By mathematical induction, the statement, n^(n) * (2n - 1) = n^2 - 4 is true for all positive integers n ≥ 3.
Base case: For n = 3, we have:
3^(3) * (2(3) - 1) = 27 * 5 = 135
3^(2) - 4 = 9 - 4 = 5
So the statement is true for n = 3.
Inductive step: Assume that the statement is true for some arbitrary positive integer k ≥ 3. That is,
k^(k) * (2k - 1) = k^2 - 4
Now we want to show that the statement is true for k+1. That is,
(k+1)^(k+1) * (2(k+1) - 1) = (k+1)^2 - 4
First, let's simplify the left-hand side:
(k+1)^(k+1) * (2(k+1) - 1) = (k+1) * k^k * (2k+1) * 2
= 2(k+1) * k^k * (2k+1)
= 2k^k * (2k+1) * (k+1) * 2
= 2k^k * (2k+1) * (2k+2)
= 2k^k * (4k^2 + 6k + 2)
= 8k^(k+2) + 12k^(k+1) + 4k^k
Now let's simplify the right-hand side:
(k+1)^2 - 4 = k^2 + 2k + 1 - 4
= k^2 + 2k - 3
Now we want to show that the left-hand side is equal to the right-hand side.

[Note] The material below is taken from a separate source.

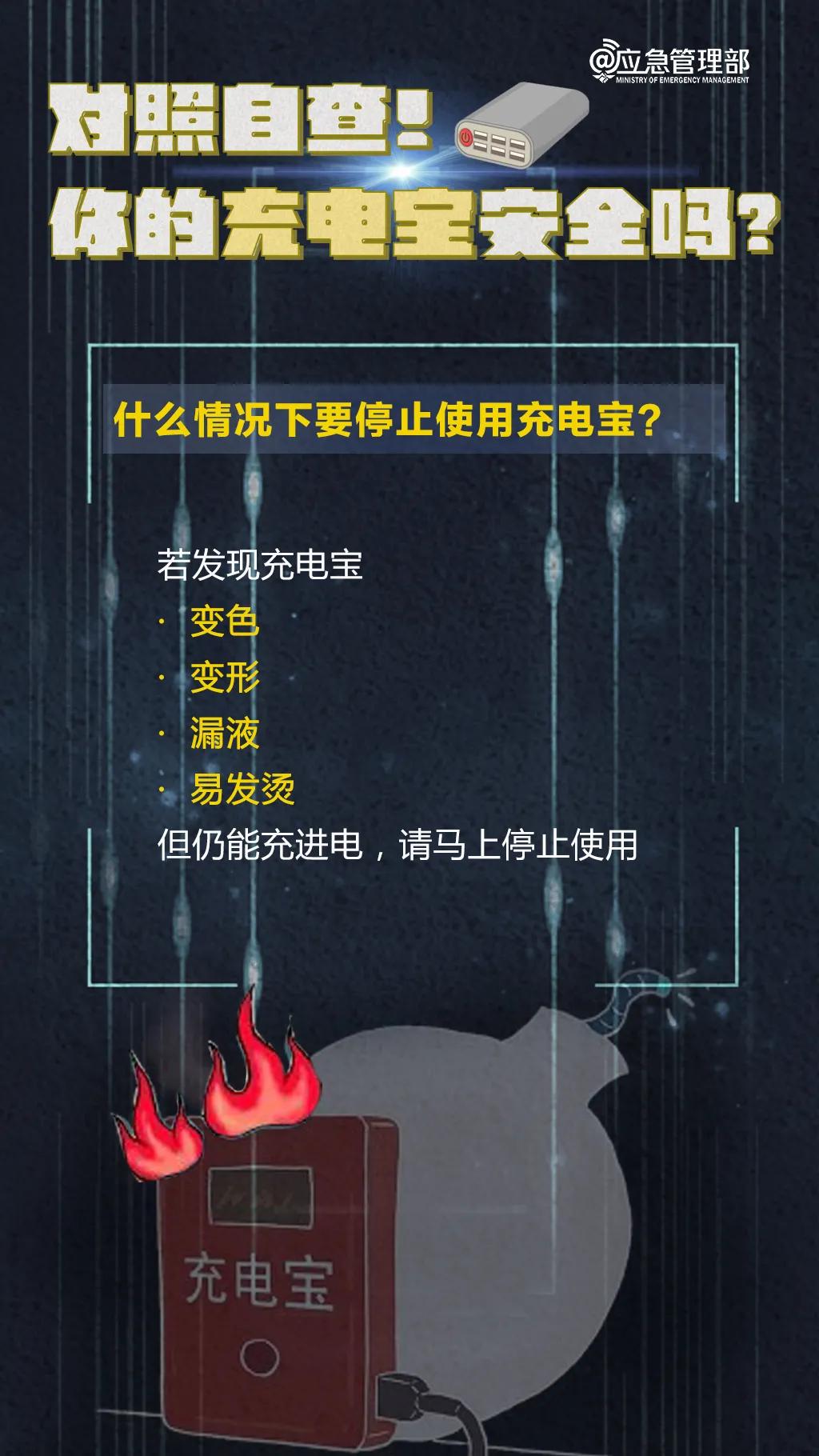 2021年9月,广东东莞一居民家中发生火灾,所幸消防部门扑救及时未造成人员伤亡。经初步调查,起火原因为整夜充电的充电宝内部电路故障。你的充电宝安全吗?什么情况下要停止使用充电宝?请对照自查!

So we need to show that:
8k^(k+2) + 12k^(k+1) + 4k^k = k^2 + 2k - 3
Let's first isolate the k^2 and 2k terms on the right-hand side:
k^2 + 2k - 3 = (k^2 - 4) + (2k + 1)
= k^k * (2k - 1) + (2k + 1)
Now we can substitute in our inductive hypothesis:
k^k * (2k - 1) + (2k + 1) = k^k * (k^2 - 4) + (2k + 1)
= k^(k+2) - 4k^k + 2k + 1
= k^(k+2) + 2k^(k+1) - 4k^k + 2k - 2k^(k+1) + 1
= 8k^(k+2) + 12k^(k+1) + 4k^k - 6k^(k+1) + 2k - 2
So we have shown that:
8k^(k+2) + 12k^(k+1) + 4k^k = k^2 + 2k - 3
Therefore, by mathematical induction, the statement is true for all positive integers n ≥ 3.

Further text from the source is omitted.